From Simple English Wikipedia, the free encyclopedia

Long pieces of classical music are often divided into movements. They are like different sections of the piece. Movements can be quite short, or extremely long. If you listen to a symphony it may often be divided into four movements. In the time of Haydn and Mozart the four movements were normally: a fast movement, a slow movement, a dance-like movement (minuet) and a fast movement to end the work.

Concert programmes usually show how many movements there are in the work that is being performed. It may show this using Italian musical terms (e.g. Allegro meaning fast, Presto meaning very fast or Andante meaning a gentle walking pace). Here is an example:

Robert Schumann: Symphony no 4 in D minor op.120

  1. Andante con moto – Allegro di molto
  2. Romanze: Andante
  3. Scherzo: Presto
  4. Finale: Allegro vivace - Presto


Sometimes an orchestra will take a minute or two to retune their instruments, especially in a symphony by Mahler or Shostakovich where one movement might be as long as 25 minutes. At other times the conductor or performer will want to go almost straight on with hardly any break. Sometimes the composer shows that there should be no break at all between movements.

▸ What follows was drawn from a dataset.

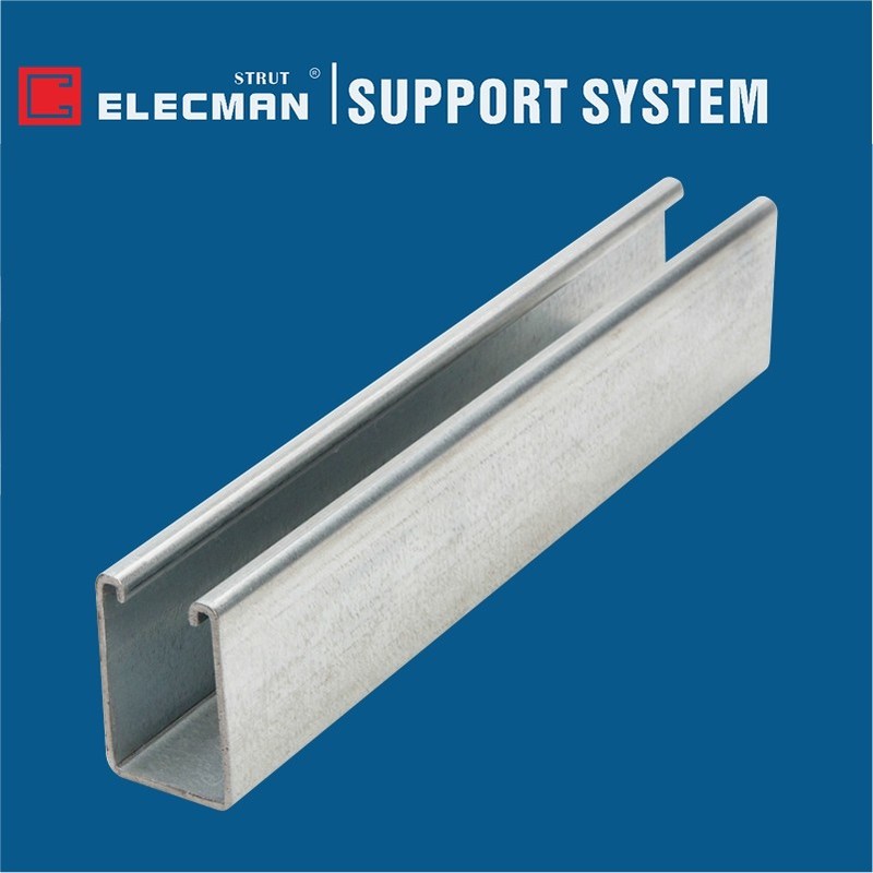 ELECMAN® 1-5/8” * 2-7/16” (41*62mm) galvanizaram o canal de aço ES-150 do suporte, e todos membros de moldação restantes do canal do suporte, são formado a frio do baixo aço da tira do carbono, com um entalhe contínuo ao longo de um lado, e das bordas inturned, formando uma forma aberta de “c’. O canal de Inturned afia o trabalho conjuntamente com o hardware do canal (porcas do canal, porcas da mola, porcas do parafuso prisioneiro, arruelas, etc.) que textured sulcos, para criar um ponto de conexão mais segura.
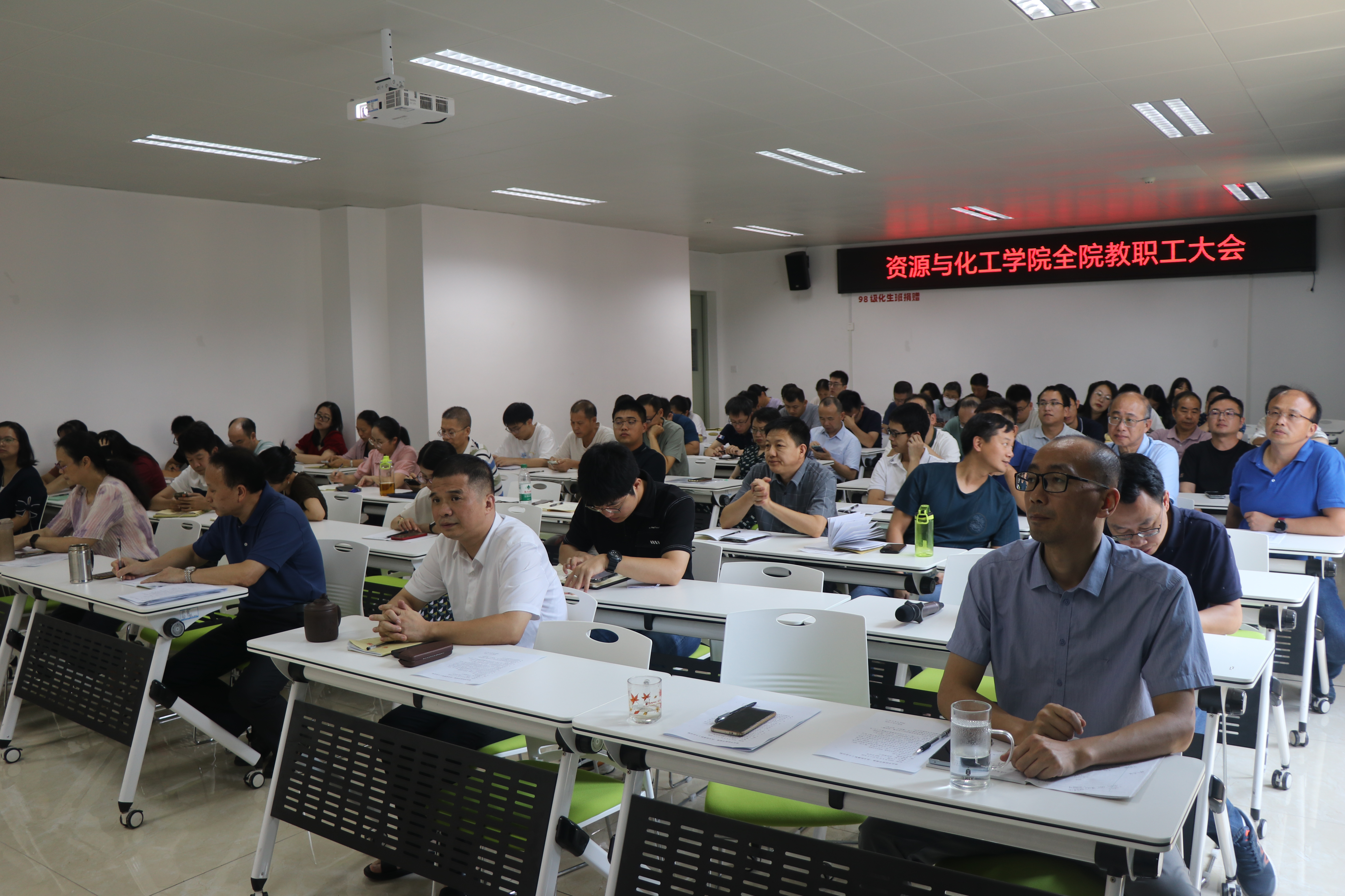 8月31日上午,资化学院召开新学期第一次全院教职工大会,学习宣传贯彻党的二十届三中全会精神,传达贯彻学校2024年暑期领导干部研讨班精神,总结暑期工作成效,部署新学期重点工作。会议由院党委负责人主持。

Audiences in the olden days often used to clap between movements, but usually these days they wait until the end of the work to applaud.

The German word for “movement” (in this musical sense) is “Satz” which really means “sentence”. A movement is like a sentence: a collection of things that belong together to make sense. All the movements together are like several sentences: they tell the whole story of music.